O advogado falou sobre o fato de o corpo de Miguel nunca ter sido encontrado. Os bombeiros mantiveram as buscas no rio e no mar ao longo de 48 dias, porém nada foi localizado. Durante o júri, poucas vezes esse aspecto foi citado no julgamento. As defesas em nenhum momento questionaram o fato de Miguel ter sido morto. As próprias rés admitiram que a criança foi morta.
— Não existe discussão. O Miguel morreu sim — disse Luz.

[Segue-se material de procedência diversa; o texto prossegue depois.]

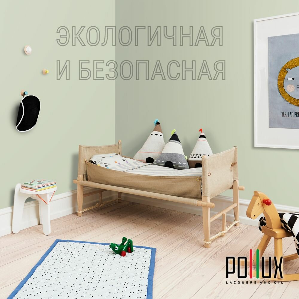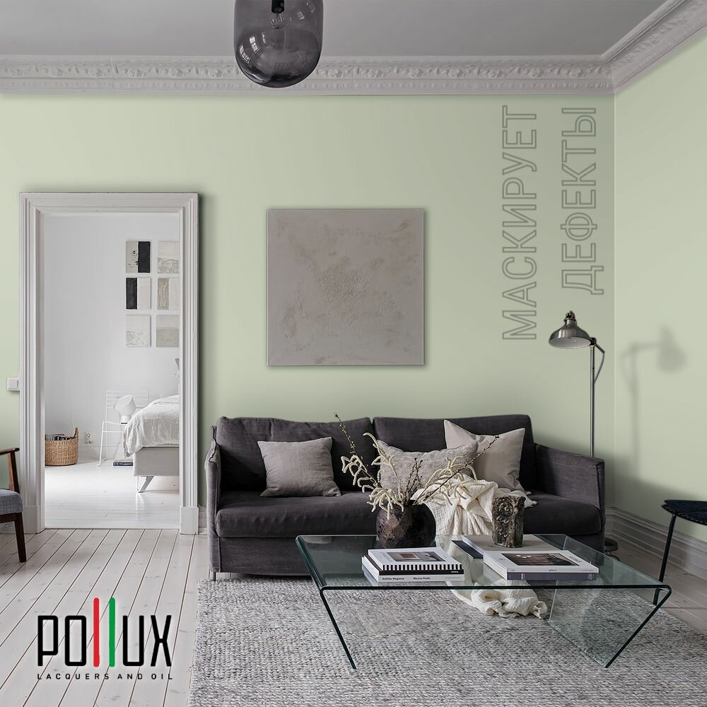 Краска моющаяся интерьерная для стен и потолков, Pollux INTERIOR без запаха, быстросохнущая, акриловая, матовое покрытие, цвет NCS S 1510-G40Y, 1л.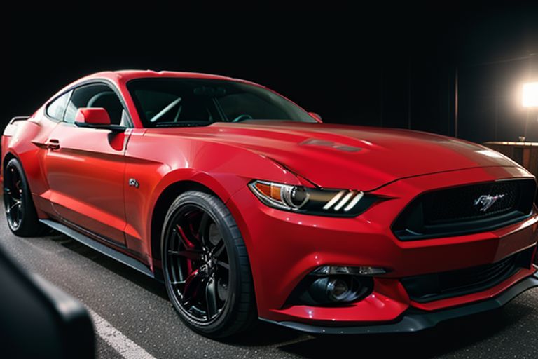 cars fantastic red, [ford mustang], speed, intricate detail ,dark background , HD. Photograph , in table((realism)), extremely high quality RAW photograph, ultra detailed photograph, sharp focus, high resolution, (detailed skin:1,3),high quality, film grain, Fujifilm XT3,Highly Detailed, movie, (Cinematic Photo:1.3) of (Realistic:1.3)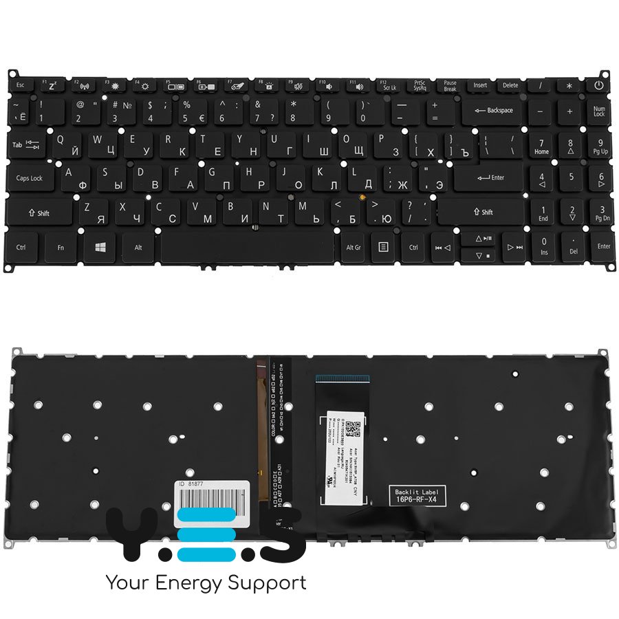 (Купити Клавіатура до ноутбуку ACER (SW: SF315-51) російська розкладка, чорний колір, без фрейму, підсвітка клавіш (Оригінал))
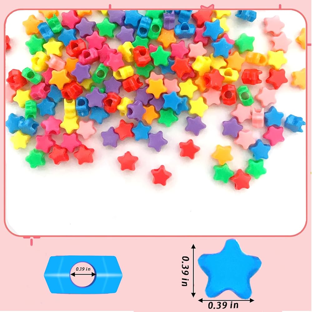 • [Size]: The size of each Star Pony Beads is about 0.24*0.36inch. Hole size is 0.16inch. Note: Small items to prevent children from swallowing and choking. Applicable age:3 years+.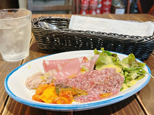 ミニオードブルとミニサラダのワンプレートがすぐにやってきました! ハムやラタトゥユ、若鶏モモ肉のリエットが彩りよく並びます。前菜だけでテンション上がりますね~♥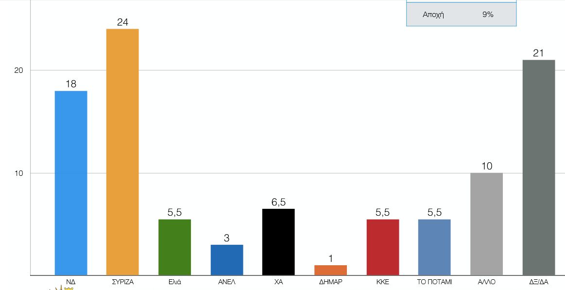 Ο ΣΥΡΙΖΑ βρίσκεται στην πρώτη θέση με 24%, με τη ΝΔ να ακολουθεί με ποσοστό 18%.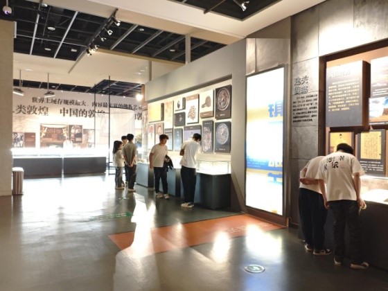酒泉市博物馆作为酒泉市的文化名片,承载着丰富的历史记忆与文化内涵。学员们穿梭于“丝路重镇”“石窟瑰宝”“航天辉煌”等主题展厅,从马家窑文化的彩陶罐到敦煌壁画的复刻珍品,从汉简文书的历史印记到航天事业的珍贵实物,每一件文物都是时光的注脚,串联起酒泉作为东西方文明交融枢纽的传奇历程。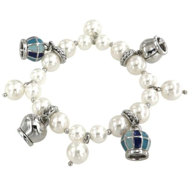 Bracciale in Metallo 3571011 elastico perle alternate a campane pendenti in stile mongolfiera colorazioni blu.Garanzia 24 mesi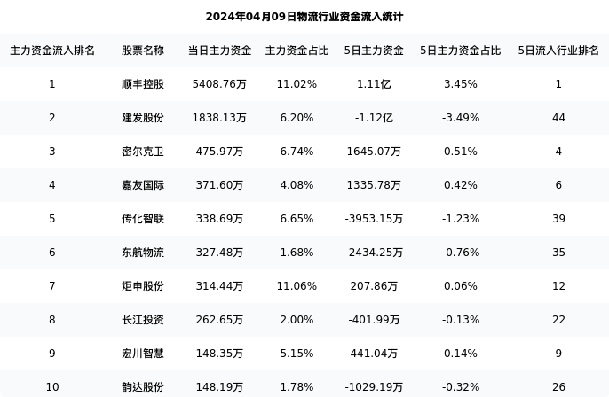 中创物流今日净流出3259.06万元,主力占比10.17%,在行业内排名:45/45;5日净流入4169.85万元,主力占比1.30%,在行业内排名:3/45。

Logo depois, a advogada Thais Constantin voltou a falar, enfatizando que Yasmin não teve intenção de matar o filho, ainda que tenha sido a responsável pela morte. Em seu interrogatório, a mãe alegou que bateu no menino e que administrou um medicamento na criança. Ela disse que o filho já estava fraco, por não comer, e que teria encontrado o garoto morto.
— Não existe nenhuma prova de dolo dela de matar o filho. Esse ódio não ficou configurado. Isso não vai servir como marco para que acabem com a violência contra jovens e crianças nesse país — argumentou, citando outros casos de menores assassinados pelos pais.
A defesa de Bruna iniciou a fala em seguida, voltando a imputar à Yasmin a culpa pelo homicídio de Miguel. Os advogados argumentam que Bruna foi responsável por torturar o garoto e que acompanhou a mãe do menino até as margens do rio, onde ele foi arremessado. No entanto, negam que ela tenha cometido homicídio.
— Ninguém quer impunidade. A gente quer condenação. Mas uma pena justa. Cinquenta, sessenta anos com base no quê? A Bruna torturou, mas não matou o Miguel — enfatizou o advogado Ueslei Natã Boeira.
Também responsável pela defesa, Rafael Santos lembrou que foi Yasmin quem confessou ter assassinado o filho, e que em nenhum momento Bruna disse ter assassinado a criança. O advogado detalhou o depoimento de Yasmin e o de Bruna, ainda na fase policial. Nos relatos foram indicadas as torturas e agressões que o menino teria sofrido até ser morto.
— Não estou aqui dizendo que a Bruna é santa. Nada disso. Ela tem que ser condenada. Mas ela não matou o Miguel — ressaltou.
Após a condenação, a defesa de Yasmin afirma que pretende recorrer em relação à pena estabelecida. Especialmente por não ter havido atenuante por conta da confissão. Já a defesa de Bruna diz que já esperava pelo resultado e que avaliará possíveis recursos.